00:00:29: Let's dive in.

00:00:33: Welcome to another episode in the Designing AI Hero podcast, and we often hear that data

00:00:40: is a new oil when it comes to AI, but is this really true or is it just to catch your new

00:00:46: slogan?

00:00:47: Today, we are unpacking the myths and realities of data in the age of AI, and I'm very happy

00:00:55: that I can speak for the second time with my guest, Sofia Raffa.

00:00:59: She's really an expert when it comes to data in AI, and Sofia, welcome back.

00:01:06: And please, again, introduce yourself and also explain briefly why our today's topic

00:01:11: really matters.

00:01:13: So hi, Nadine.

00:01:14: Hi, everyone.

00:01:15: I'm Sofia Raffa, Digital Marketing and AI Consultant, a helping startup, enterprises,

00:01:20: and mid-sized companies to grow and with digitalization.

00:01:24: So today's topic is really matters because actually nowadays, people say that data is

00:01:31: the new oil, but if you think about that this whole quotation came from Clive Humble from

00:01:37: 2006, but it's still valid nowadays in 2025.

00:01:42: So why was oil valuable?

00:01:46: Because oil is actually once you use it, then it's great for using for cars, engines, and

00:01:54: infrastructures.

00:01:55: And this is also applies for data.

00:01:58: So the raw data is nice to have, but basically you can't do anything until you are refining

00:02:03: it and then it comes actually, and then it comes powerful.

00:02:09: So data is everywhere, but without management and some structure, you cannot really use it.

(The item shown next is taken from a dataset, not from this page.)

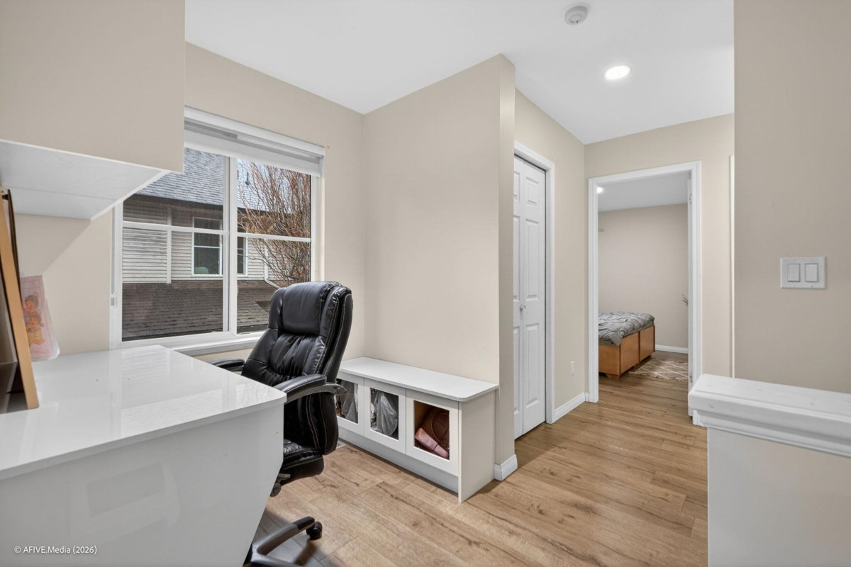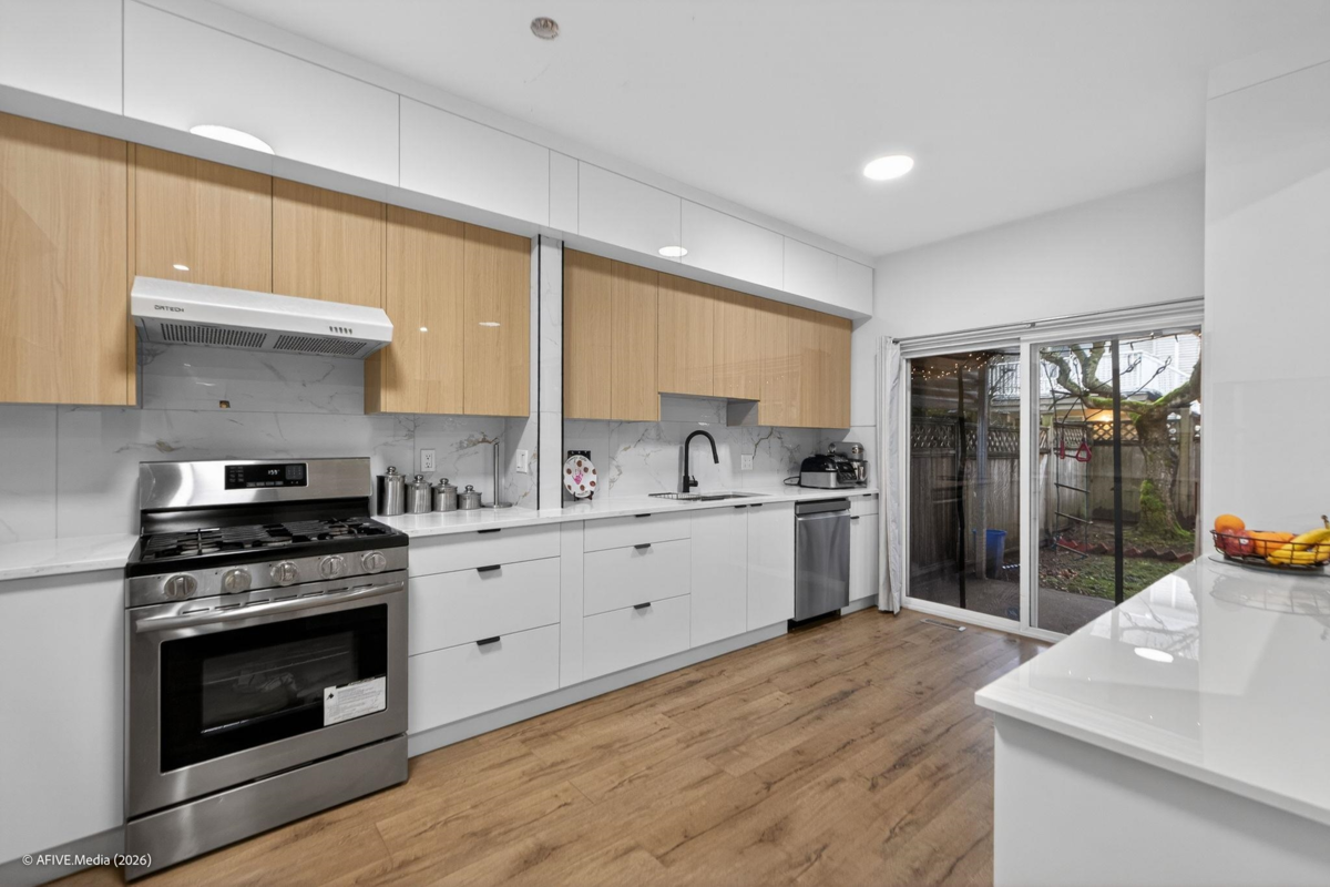 Welcome to this beautifully updated corner-unit townhouse in the desirable Chimney Heights community, featuring a rare double side-by-side garage and a spacious two-level layout with 3 bedrooms, a den, and 2.5 bathrooms. The main floor offers a bright open-concept living and dining area with 10’ ceilings, recently renovated with new laminate flooring, modern lighting, fresh paint, a stylish kitchen with quartz countertops, new cabinets, and new appliances. Enjoy a large private backyard perfect for kids and summer BBQs. Located in a quiet, family-friendly complex steps to schools and transit, and minutes from shopping, parks, and recreation — a perfect home for families seeking comfort and convenience.

00:02:15: You can't see the value and you can't utilize it.

00:02:19: That's why refining the data and generating data pipelines and engines and governance and

00:02:25: then later on using in AI is the real magic.

00:02:29: So it's like compared data with the oil is like, raw data is like the crude oil, thick,

00:02:36: messy, and unusable actually, but once you refine it in order to use it, then it feels

00:02:44: innovations and the competitive edge.

00:02:47: So unlike oil, data is renewable.

00:02:50: So the more you use it, the more information you can get out of it.

00:02:54: So the analytical key is useful, but it can complete as a takeaway and data is more like

00:03:01: renewable energy than oil.

00:03:02: Exactly.

00:03:03: So you can use it every time it's not gone when you use it.

00:03:09: The energy is not away or transformed in something different.

00:03:14: Exactly.

00:03:15: So the once you can define in which context you are using the data, then the more value

00:03:21: you can also generate out of it.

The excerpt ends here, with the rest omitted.